Некоторые из нас получали по почте анонимные письма, в которых сообщалось, что вскоре настанет черед наших мужей.
«Думаю, вам лучше уехать из города».
Другие рассказывали, что на поле их мужьям угрожают озлобленные филиппинцы.
«Они окружали его с ножами в руках».
Хитоми, которая больше десяти лет работала экономкой в имении «Принц», среди бела дня взяли под прицел пистолета и напугали до полусмерти. Мицуко после ужина вышла из дома, чтобы собрать яйца из-под кур, и увидела, что в ее хлеву пылает пожар. Мы все знали, что это только начало.
Вскоре соседи стали коситься на нас. Маленькая девочка, живущая на ферме у дороги, больше не махала нам рукой из окна. Давние клиенты, которые годами приходили в наши магазины и рестораны, больше не появлялись. Хозяйка, у которой мы служили, миссис Тримбл, подошла к нам, когда мы мыли пол в кухне, и прошептала на ухо: «Ты ведь знала, что скоро начнется война, правда?» Женщины, покупавшие у нас фрукты, теперь обходили наши лотки стороной, потому что боялись, что фрукты отравлены мышьяком. Страховые компании ликвидировали наши страховки. Банки заморозили наши счета. Молочники перестали оставлять молоко у наших дверей. «Распоряжение руководства», — объяснил нам один унылый молочник. Дети, завидев нас, бежали прочь, как испуганные оленята. Пожилые леди, завидев наших мужей, замирали как вкопанные, прижимали к груди сумочки и вопили: «Японцы уже здесь!» И хотя наши мужья пытались нас успокоить…
«Они боятся».
…мы были не готовы к подобному повороту событий. Не готовы к тому, что нас начали считать врагами.

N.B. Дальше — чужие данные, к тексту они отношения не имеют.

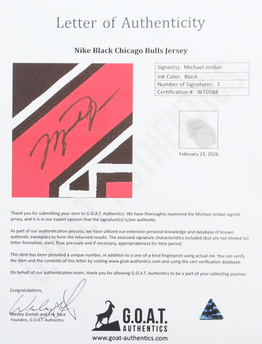 This Michael Jordan autograph has been reviewed and approved by G.O.A.T. Authentics, who are widely recognized as the foremost expert in Michael Jordan autographs.
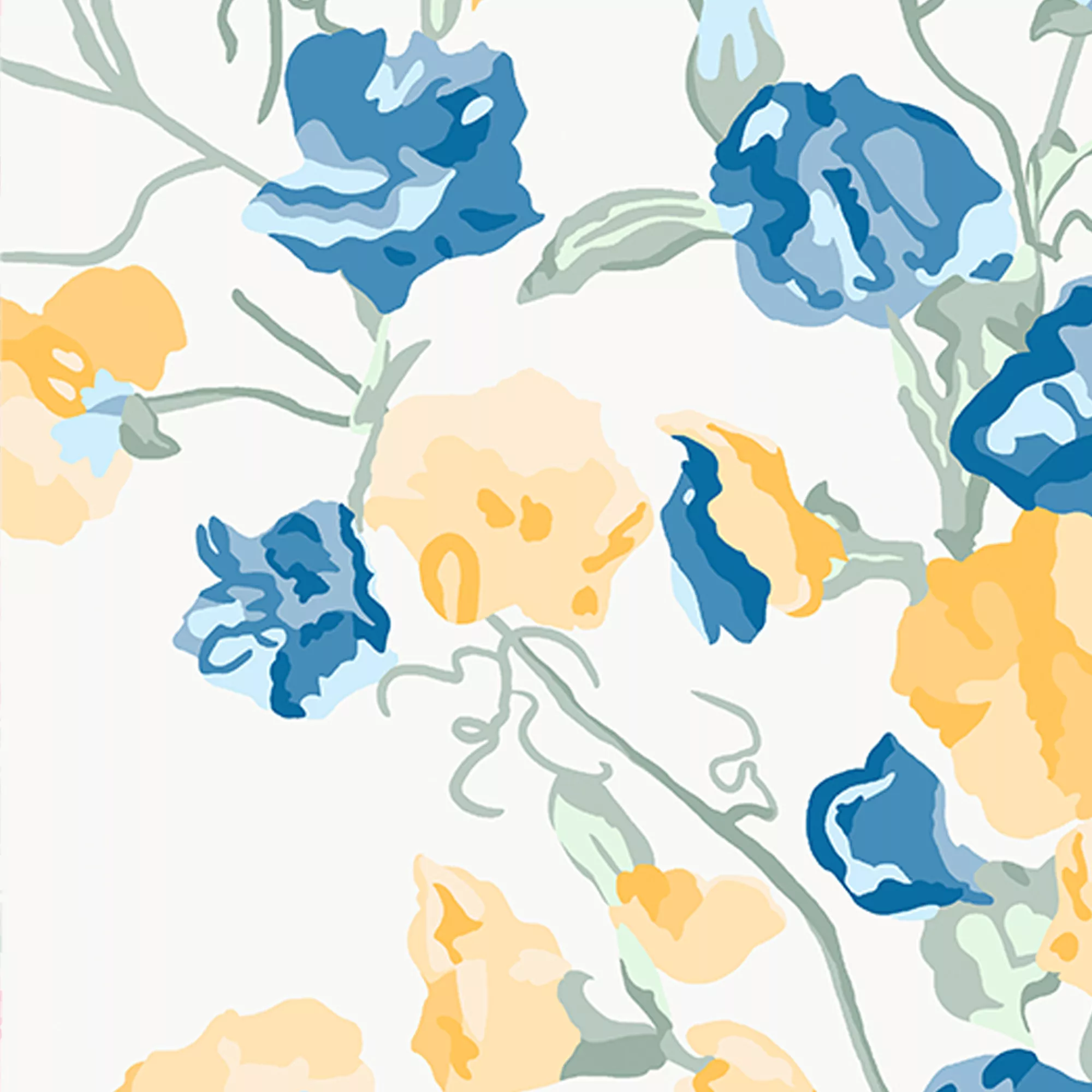 Sunny yellows meet blossoming blues in this heritage inspired print. Charlotte features intertwined bunches of sweetpeas cast amongst scrolling tendrils and falling leaves. This soft and delicate pattern has a beautiful vintage feel to it.

Разумеется, виной всему были статьи в газетах. В них утверждалось, что в тот самый момент, когда началась атака на остров, тысячи наших соплеменников приступили к действиям с точностью отлаженного часового механизма. В этих статьях утверждалось, что все дороги были забиты нашими обшарпанными грузовиками и ржавыми автомобилями. Утверждалось, что мы с полей подавали неприятелю сигналы с помощью сигнальных ракет. Утверждалось, что еще за неделю до атаки наши дети сообщали одноклассникам, что вскоре начнется «большая заваруха». И когда впоследствии учителя расспрашивали этих самых детей, они признавались, что их отцы отмечали известие о налете как великий праздник.
«Они даже кричали „Банзай!“».
Авторы статей не сомневались, что в случае, если атаке подвергнется материк, все японцы, чьи имена в списке, станут пособниками врага. Статьи сообщали, что все японские фермеры являются солдатами огромной тайной армии.
«Их овощные погреба давно превратились в склады оружия».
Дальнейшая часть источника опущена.